Wix: Evaluating AI Agent Performance: Skills vs Documentation for Developer Platforms

Overview

Wix Engineering undertook a rigorous evaluation project to address a critical question in the evolving landscape of AI-native developer experiences: whether purpose-built “skills” (condensed, curated guides for AI agents) actually outperform traditional documentation when AI agents interact with developer platforms. This case study represents a mature approach to LLMOps, focusing on systematic evaluation, measurement-driven decision-making, and the operational challenges of maintaining multiple information sources for AI consumption in production environments.

The context for this work is particularly relevant to LLMOps practitioners. As AI agents increasingly become the primary consumers of developer documentation, Wix observed a proliferation of independently-maintained “skills” across their organization—condensed guides teaching agents how to perform specific developer tasks on the Wix platform. These skills were derived from documentation but maintained separately, creating a parallel documentation layer that risked drift whenever underlying products, APIs, or scaffolds changed. The technical writing team at Wix, responsible for maintaining developer documentation for the Wix platform, recognized both a maintenance liability and an unexamined assumption: that skills inherently perform better than documentation for AI agents.

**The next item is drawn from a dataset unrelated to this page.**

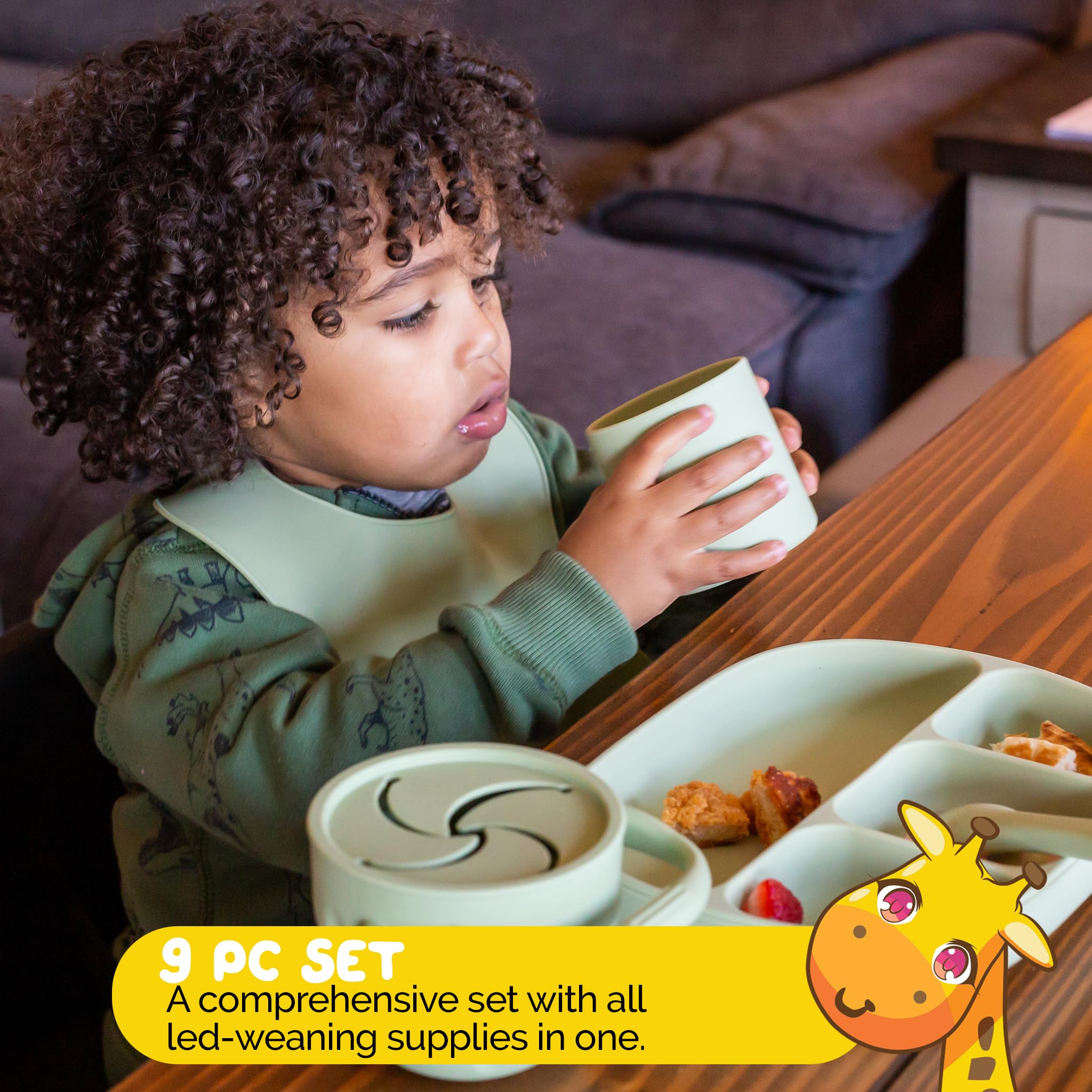 3. Alimentación sin Desorden: Nuestro set incluye una Taza de Aperitivos Plegable y un Plato Redondo con Ventosa y borde elevado, asegurando que los derrames se reduzcan al mínimo.

Experimental Design and Methodology

The evaluation methodology demonstrates production-grade LLMOps practices. Wix designed a quantitative evaluation across 250 runs covering two distinct task families: CLI extensions (building Wix CLI app extensions including dashboard pages, backend APIs, site widgets, event handlers, embedded scripts, modals, and plugins) and REST API scripting (querying products, creating content, managing contacts, and multi-step workflows). This task diversity is important because it tests different types of agent interactions—from code generation and project scaffolding to API orchestration and multi-step reasoning.

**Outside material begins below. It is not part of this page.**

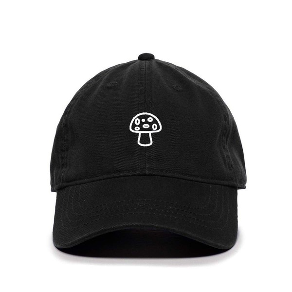 Tech Design Mushroom Baseball Cap Embroidered Cotton Adjustable Dad Hat Black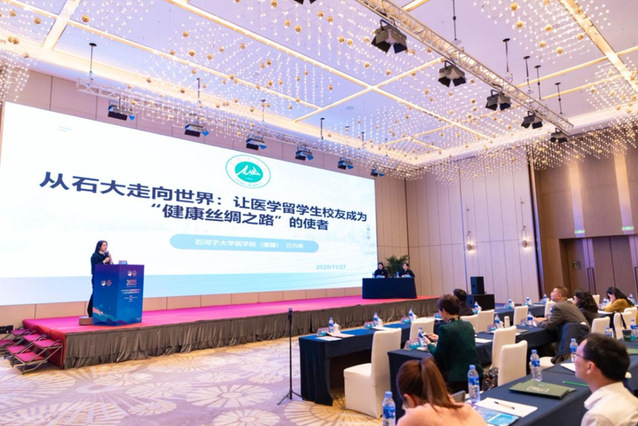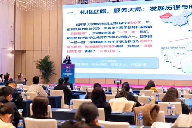 2025年11月27日,由中国教育国际交流协会主办的2025年来华留学生医学教育学术年会在河北石家庄隆重召开。做爱自拍-自拍做爱视频 副院长万巧琴教授受邀参会,并以《从石大走向世界:让医学留学生校友成为“健康丝绸之路”的使者》为题作大会主旨报告,向全国医学教育领域同行系统分享了学校在来华医学留学生培养中的创新实践与思考,引发了与会代表的热烈反响和广泛关注。

For each task, Wix ran sandboxed AI agents under three experimental conditions, with each condition executed three times per task to account for inherent variance in LLM outputs. The baseline condition gave agents access to Wix’s documentation portal via an llms.txt service through web-fetch, representing the standard way agents might discover and consume documentation. The optimized condition used the same documentation but with targeted improvements identified through analysis of agent failures—surgical changes like adding missing method calls to API code samples, fixing field name inconsistencies, and adding dependency installation steps that agents frequently missed. Wix built infrastructure to substitute these improved docs when agents requested them via web-fetch, demonstrating sophisticated testing infrastructure. The curated content condition restricted agents to either skills or the Wix MCP (Model Context Protocol implementation) with its packaged skills.

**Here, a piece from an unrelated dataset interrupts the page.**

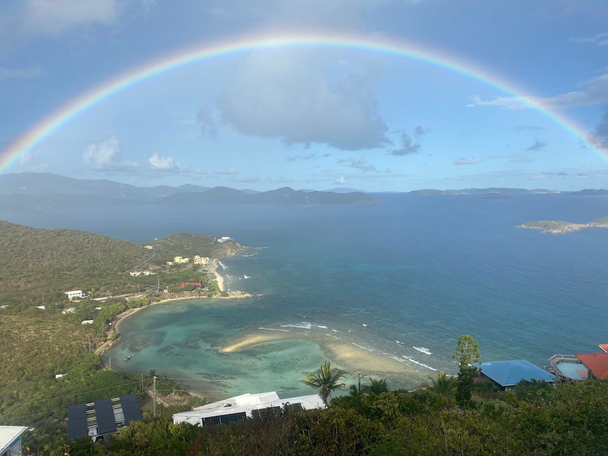 Această casă frumos decorată și remodelată, cu două dormitoare, cu o baie, are vedere la răsărit și o briză puternică a Caraibelor. Poți auzi oceanul și poți privi răsăritul din ambele dormitoare. Există câteva restaurante și o mică piață situată chiar după colț de casă. Magazinele și restaurantele din Coral Bay sunt la doar 3 km distanță. Plan deschis, terasă înfășurată, living spațios, cu un pat matrimonial și un pat matrimonial. Există o mașină de spălat și un uscător automat de rufe nou-nouțe la fața locului.

The evaluation framework itself reflects mature LLMOps thinking. After each agent completed its development work, Wix employed a self-evaluation approach where the agent assessed its own work: Did it complete the task? If not, why? What issues with the product and documentation caused problems? This qualitative feedback was supplemented with deterministic quantitative metrics including token count, turn count (number of back-and-forth interactions), and wall-clock time. This multi-dimensional evaluation captures both effectiveness (task completion) and efficiency (resource consumption and latency), which are critical operational concerns in production LLM systems.

Key Findings and LLMOps Implications

The first major finding validates the importance of documentation optimization for AI consumption. For CLI tasks, documentation optimization alone improved task completion from 67% to 87%—a 20 percentage point improvement—while simultaneously reducing average token usage by 35% and wall-clock time by 9%. This represents a high-ROI intervention available to platform documentation teams and challenges the assumption that entirely new artifacts (skills) are necessary. The optimizations were relatively straightforward: ensuring navigable structure, maintaining consistent field names, and providing explicit dependency requirements. From an LLMOps perspective, this suggests that investing in agent-optimized documentation provides substantial returns before considering more complex solutions.

The second finding reveals critical production concerns about skills maintenance. Docs-optimized runs achieved 85% completion versus 78% for skills-only runs while using 10% fewer tokens, running 8% faster, and requiring 14% fewer turns. This counterintuitive result—that curated, condensed skills underperformed—stems from small mistakes that completely erode efficiency advantages. Wix identified several error patterns with significant operational implications:

Misalignment with project scaffolding proved particularly costly. In one case, a skill instructed agents to build a widget using a popular React-based library, but the CLI project scaffolding configured the project to use a proprietary Wix solution. The agent following the skill built the React version, encountered the mismatch, and rebuilt from scratch, burning 94% more tokens than the docs-optimized approach. This illustrates a key LLMOps challenge: skills must remain synchronized not just with API documentation but with the entire development environment, including tooling, scaffolding, and project templates.

Errors in code snippets created cascading failures. One skill contained code snippets missing an export declaration, causing build failures. The agent tried multiple export patterns until finding one that worked, resulting in 39% more token usage compared to docs-based runs. This highlights the brittleness of curated content—a single mistake can trigger expensive trial-and-error loops.

Best-practice bloat introduced unexpected tradeoffs. One skill included best practice guidelines that resulted in significantly more code, increasing token usage by 52%. While this likely produced better applications, many users may not want the additional functionality or cost. This raises questions about what should be included in skills: minimal working solutions or production-ready patterns?

Importantly, Wix also observed tasks where skills-only runs were clear winners, achieving 30-50% reductions in tokens and 30% reductions in time compared to docs runs. These were cases where skills were properly aligned with both the underlying product and CLI scaffolding. This suggests that skills provide genuine value when they’re accurate and maintained, but the maintenance burden is significant.

The third finding reveals subtle tradeoffs between different efficiency metrics. For REST API tasks, docs-optimized and skill-based runs achieved identical 80% completion rates, suggesting neither approach has an inherent advantage for task success in API scripting scenarios. However, the efficiency picture was split: docs-optimized runs completed 31% faster with 33% fewer turns, while skills used 29% fewer tokens.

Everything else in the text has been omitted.